Beyond the near-term challenges from the coronavirus pandemic, Embraer believes Asia-Pacific airlines will seek to optimise their fleets through the adoption of more smaller jets.
Cesar Pereira is vice president, Asia-Pacific of Embraer Commercial Aviation. The Singapore-based executive’s sales territory covers the entire Asia-Pacific region apart from China. In recent months he has been active on social media promoting what Embraer calls “right sizing” airline fleets through the use of regional jets.
Though the pandemic and associated travel restrictions have battered airlines globally, it has been especially devastating to airlines in the Asia-Pacific. Major domestic markets show some signs of life, but are operating at far lower capacity. International travel has all but ceased, amid a patchwork of travel bans and quarantines.
Pereira, however, stresses that it’s important to take the long view.
“This whole situation is very unfortunate and it’s affecting everyone,” he tells FlightGlobal. “But we we’ve been through crises before like many others in the industry.”
Pereira says that the region’s airlines are focused on two things: near-term survival, and their business model for the post-coronavirus world. Given that the industry could take years to reach 2019’s air traffic levels, airlines need to be ready not only for an eventual return to normalcy, but also for the next down cycle.
He stresses Embraer’s long-held mantra that airlines can enjoy better flexibility by using a mix of aircraft, as opposed to operating larger narrowbodies even on thinner routes.
“The lack of flexibility airlines have with the bigger planes is wiping out most of the profits,” he says. “What they can make in 10 years, they can lose in two or three months. The first thing is to recognise that there is a need for change.”

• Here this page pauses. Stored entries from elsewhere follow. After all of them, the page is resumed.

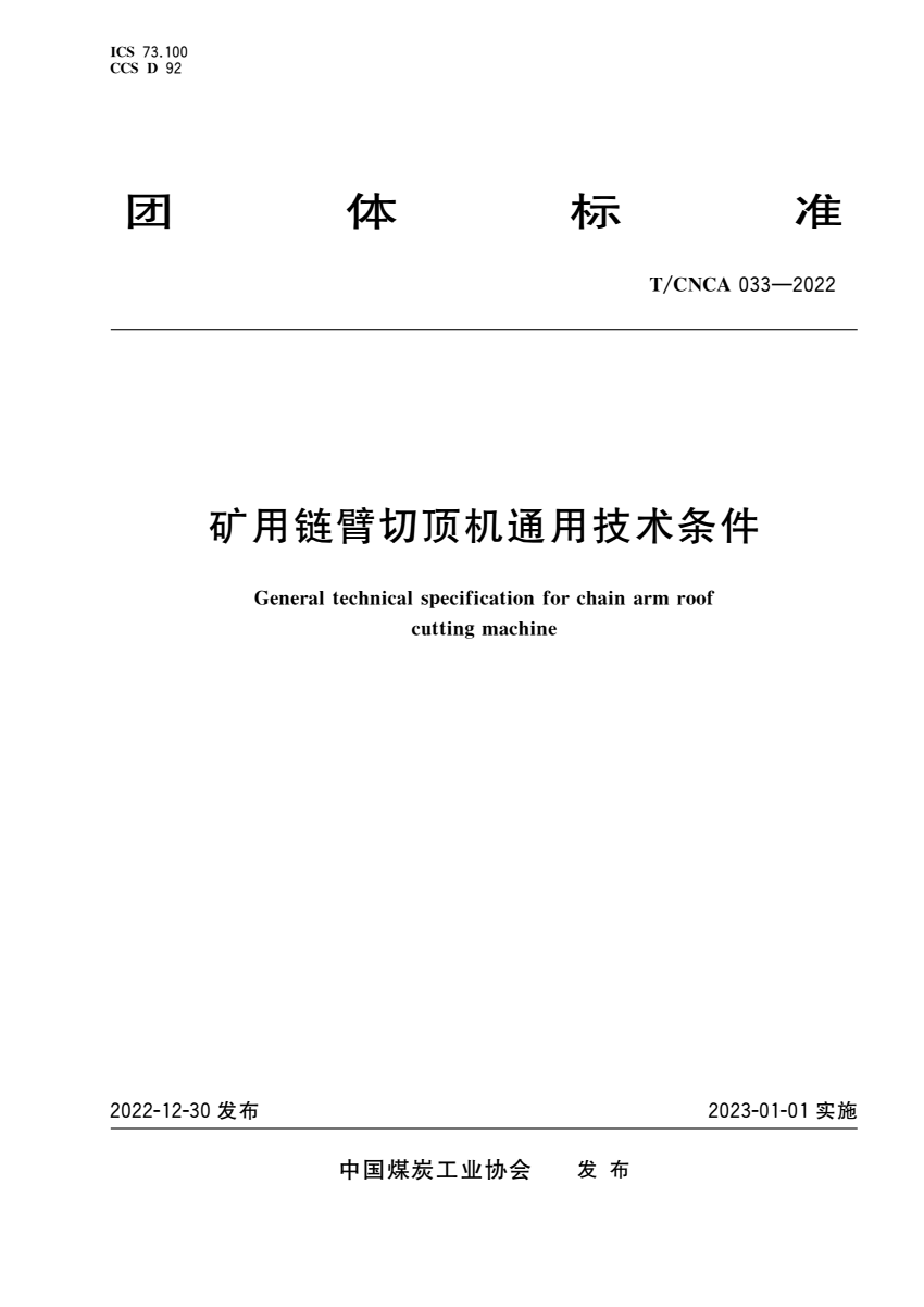 T_CNCA 033-2022 矿用链臂切顶机通用技术条件.pdf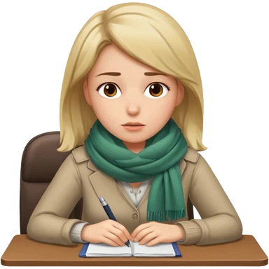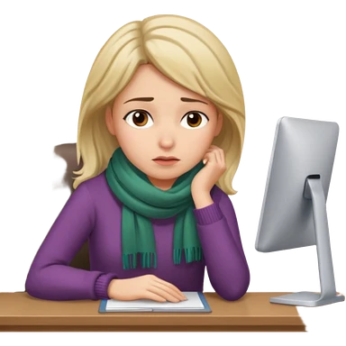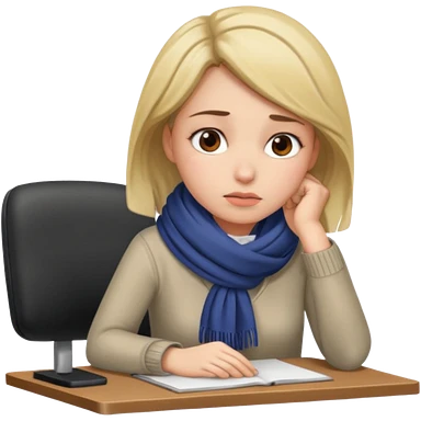 Person sitting at desk, looking tired, winter outside, woman emoji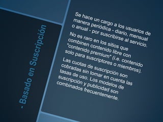 Este documento describe diferentes modelos de negocios basados en Internet, incluyendo modelos basados en suscripción y en la explotación de información. Los modelos basados en suscripción cobran cuotas periódicas a los usuarios por el acceso a contenidos o servicios. Los modelos basados en la explotación de información generan ingresos al recopilar y vender datos sobre los hábitos y preferencias de los usuarios.

Highlighting the benefits of fleet flexibility in challenging times, he notes that E-Jet customer Japan Airlines is deploying Embraers on domestic routes that normally use Boeing 737s, as there is simply less demand for seats.
“Once you go through the situation, what’s next? Are you going back to the same mind-set? Same fleet? Same costs? Same OEMs that brought us here? The industry is cyclical and when [Covid-19] is gone and demand starts growing again…then comes another crisis.”
Pereira maintains that regional jets operate with lower costs and, repeating Embraer’s pre-Covid-19 view, can play a useful role in helping airlines avoid congested hubs through more direct services. Following the pandemic, wary passengers may be even less willing to travel through a congested hub than before.
“If passengers are afraid of taking one flight, can you imagine taking two?” asks Pereira. “Many passengers like to go point to point. One flight and they get to the destination and that’s it.”
More broadly, he says that Embraer is involved in a number of “serious” sales campaigns in the region that could amount to 200 new aircraft. If potential opportunities for pre-owned Embraers are taken into account, another 50-100 aircraft can be added to this total.
Curiously, the company is seeing regional interest not just in its bigger E195-E2 offering, but also in the smaller E175-E2.
Embraer continues to see India in particular as a strong potential market. Cirium fleets data shows that just three ERJ-145s are operating with India’s Star Air. Embraer has already cracked the Indian market, but had the misfortune of suffering well over 100 cancellations through the demise of customers such as Air Costa, Jet Airways, Paramount Airways, and Star Aviation.
Pereira says India is characterised by a massive population and very low yields, and that it’s the only BRIC (Brazil, Russia, India and China) country where the regional jet has made little progress. He believes, however, that a breakthrough in India is inevitable at some point, noting that it has several major cities that are best served direct, as opposed to being served through big hubs at key cities such as Delhi and Mumbai.
Still, the coronavirus pandemic rolls on, forcing a battered airline industry to massively cut back expenditure.
“Airlines must recognise that a big airplane costs more [both] in the sky and on the ground,” says Pereira.
He adds that while the big OEMs can offer good deals on aircraft upfront, operating a larger jet for 12 years can be expensive, particularly when the next crisis arrives – as it inevitably will.